On the more risky side, there are drugs in the benzodiazepine class. Some psychiatrists are more liberal at prescribing these medications. However, it is worth stopping and considering the risks before starting these treatments for anxiety. They are extremely psychoactive, carry a high risk of addiction and dependence, and have a rebound effect of anxiety when the drug wears off.We now know that long-term use of benzodiazepines is correlated with dementia or Alzheimer’s disease later in life.
Anxiety affects teens and young adults in very similar ways to the general adult population. In addition to those symptoms, you may see some other features common to teens and young adults. These include irritability, trouble concentrating in school, poor grades, social isolation, withdrawing from friends, associated depression, anger, and avoidance. Anxiety is unfortunately frequently mistaken for ADD or ADHD in teens.
If you are noticing these signs and symptoms it may be indicative of an underlying anxiety disorder. It is estimated that 31.9% of teens have had an anxiety disorder at one point in time (NIMH, 2021).
Those who have a family history of anxiety or depression may be more at risk for developing an anxiety disorder.
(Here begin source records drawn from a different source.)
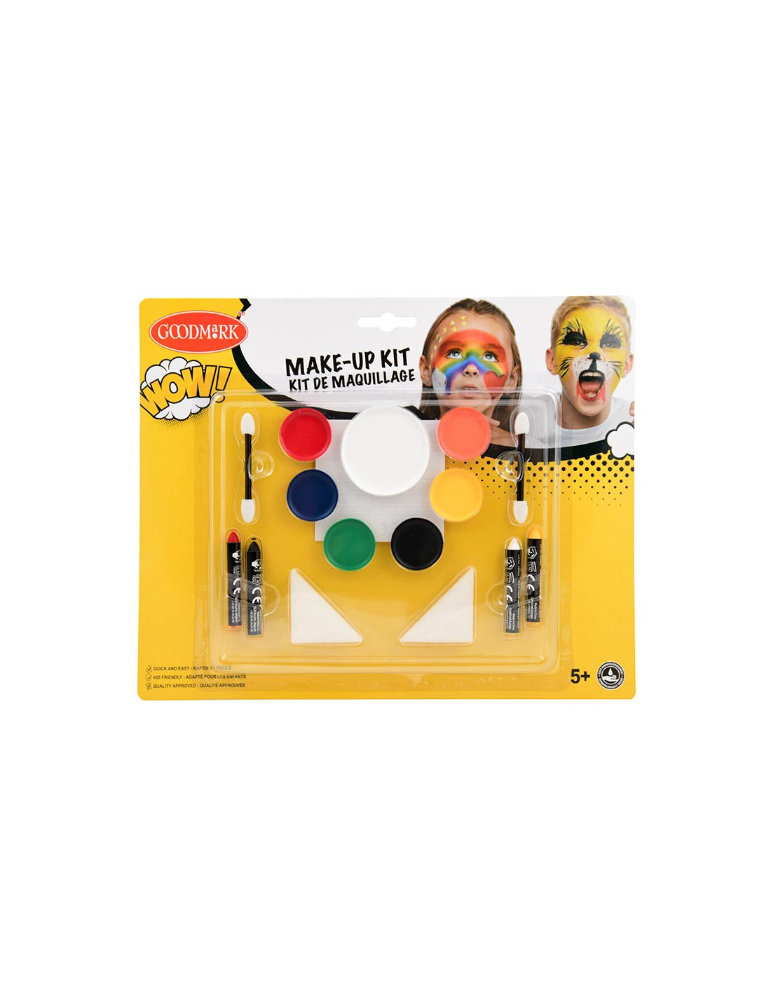 Set maquillaje infantil que incluye una tarrina blanca, 6 tarrinas más pequeñas de rojo, azul, verde, negro, amarillo, naranja; 4 barritas de color rojo, negro, blanco y amarillo; 2 aplicadores y dos esponjas. El maquillaje incluido es graso.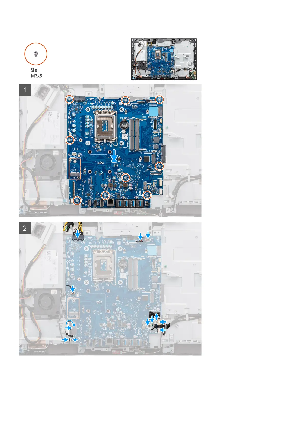 2. Replace the nine screws (M3x5) to secure the system board to the display-assembly base.
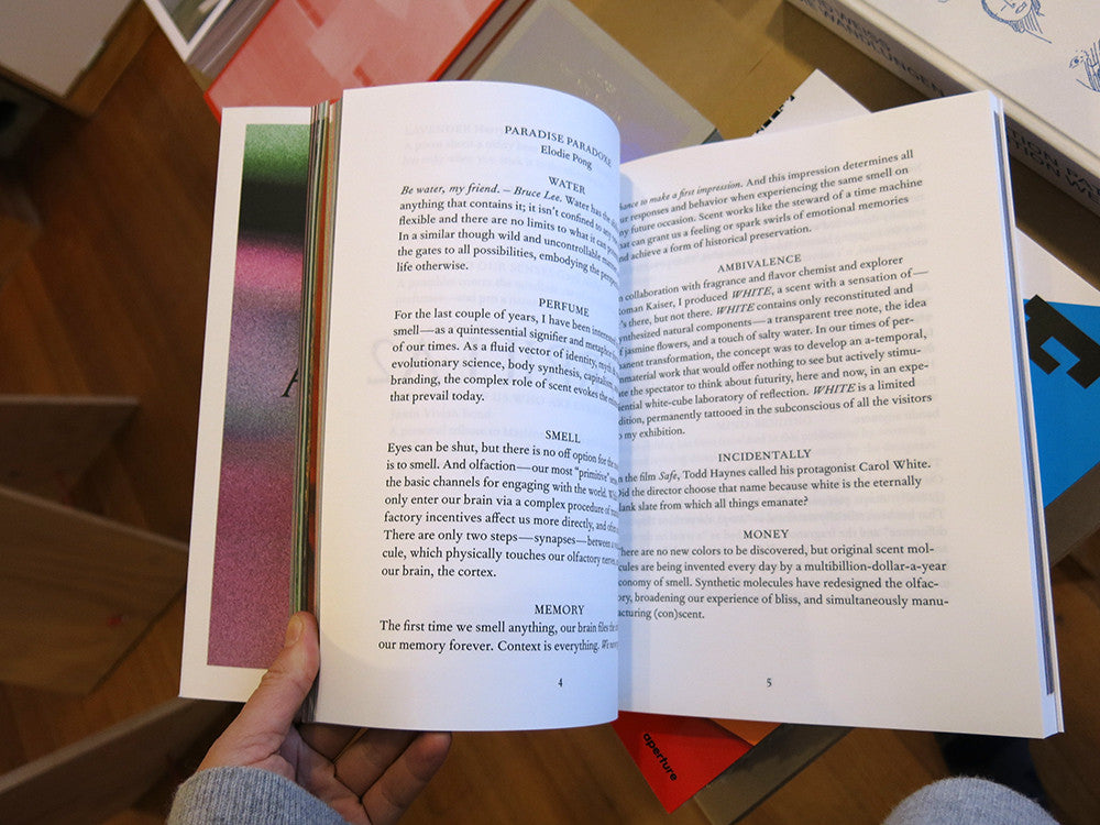 Eyes can be shut – but there is no off option for the nose. To breathe is to smell. And while visual stimuli only enter our brain via a complex process of neuronal translations, olfactory incentives affect us more directly – and often unbeknownst to us. The invisible architecture that surrounds us is the starting point of artist Elodie Pong’s project. She explores its numerous facets at an interface between fiction and reality, in both an exhibition at Helmhaus Zürich (March 11 to May 16, 2016) and in the space of this publication.
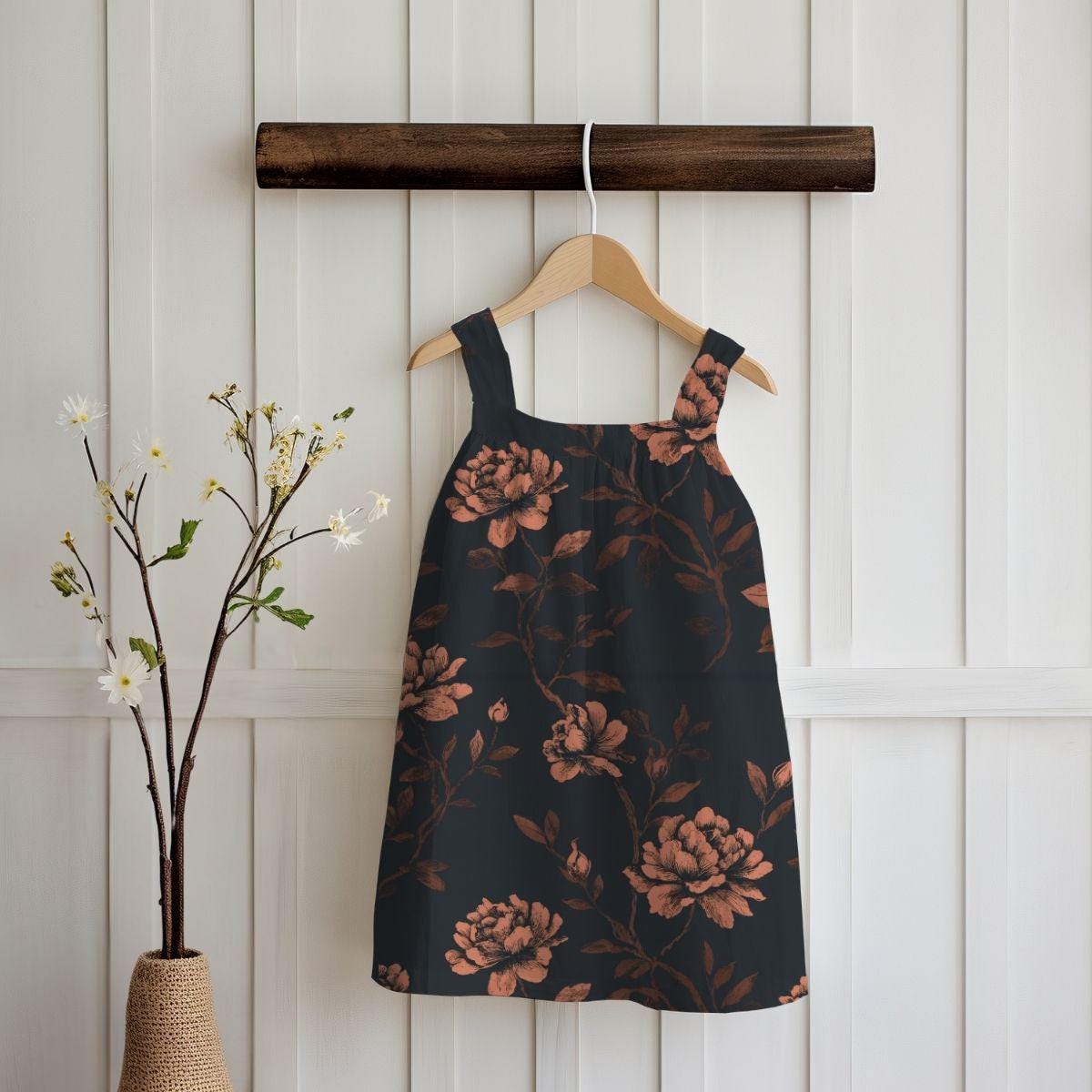 Warm copper florals bloom against a deep charcoal ground, creating a pattern that feels intimate, grounded, and quietly luxurious. Copper Quietude has a moody elegance—less about sparkle, more about substance. The hand-drawn florals bring softness and movement, while the rich, muted palette gives the design a collected, grown-up confidence. Printed on smooth, breathable Pima cotton, this pattern is perfect for bedrooms, drapery, or any space that leans into warmth without losing its edge.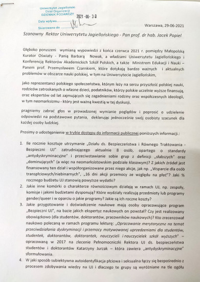 Organizacje, m.in. Stowarzyszenie Rodzice Chronią Dzieci, wystosowali list do Rektora UJ z prośbą o wyjaśnienie palących kwestii.
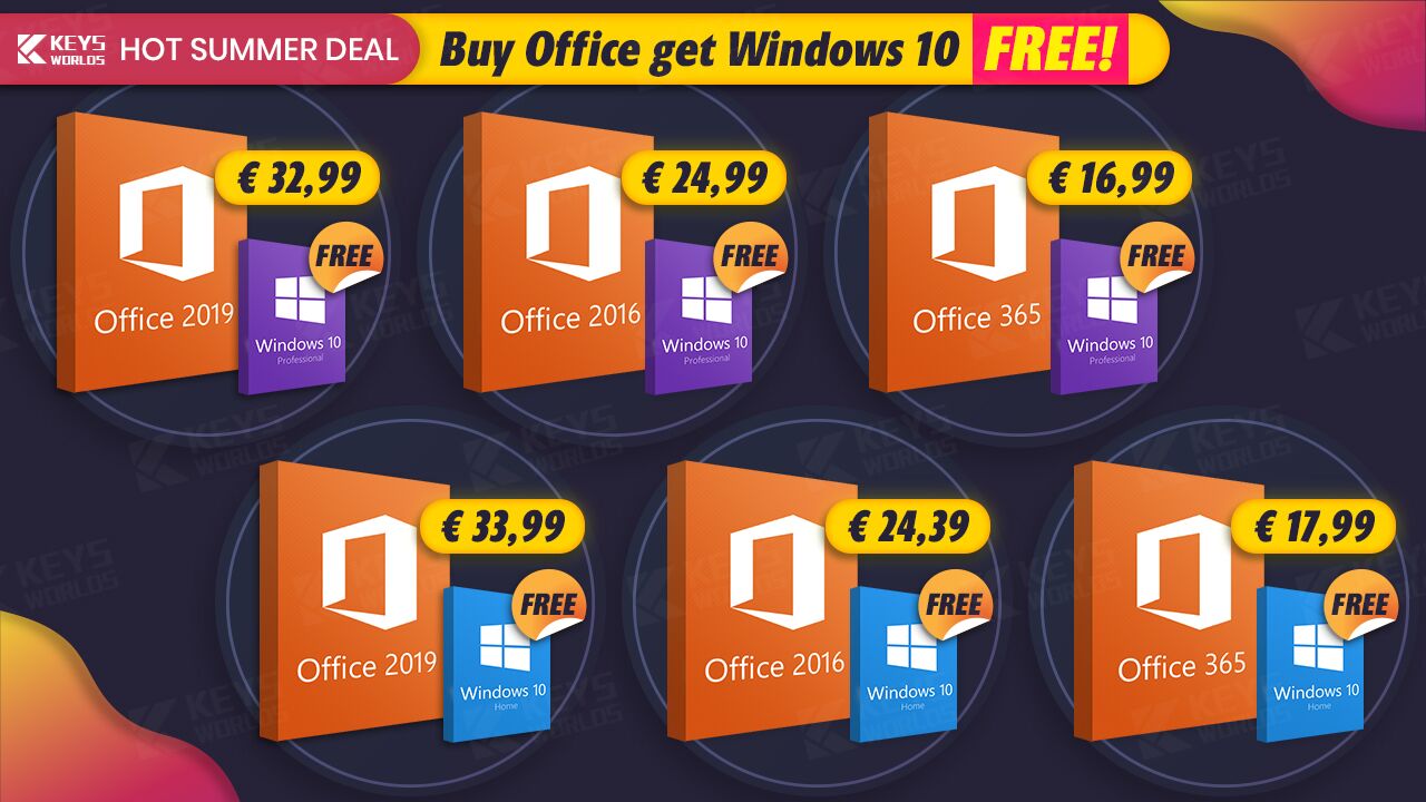 Letní slevy v Keysworlds vám zajistí skvělé nabídky na MS Office 2019, Windows 10 nebo oboje najednou a dokonce i v mnoha případech zdarma!

However, the underlying genetic mechanisms of anxiety disorders are not well understood.
In part, this is tricky because parents often provide both the genes and environment making it hard to clearly separate the two. Those with a history of trauma, loss, childhood instability, neglect, or chronic stress may also be more at risk.
Lastly, anxiety disorders appear more prevalent in women as compared to men. However, again, research is complicated because it may be that women are simply more likely to report symptoms and seek help as compared to men.
When left untreated we know that fear networks in the brain continue to grow. What is once a kernel of anxiety, can quickly evolve into a diagnosable disorder.
Getting treatment as early as possible is key. Habits of mind, ineffective coping, and years of a revved-up central nervous system take longer to heal than one that is managed therapeutically earlier in life.
It is important not to wait if you are noticing signs and symptoms, early treatment could potentially change the trajectory of the condition and thus change the course of your life.
With teens and young adults, we will on occasion, reach out to the family with the cooperation and consent of the patient, to make changes in the family system. When everyone works together, therapy works best.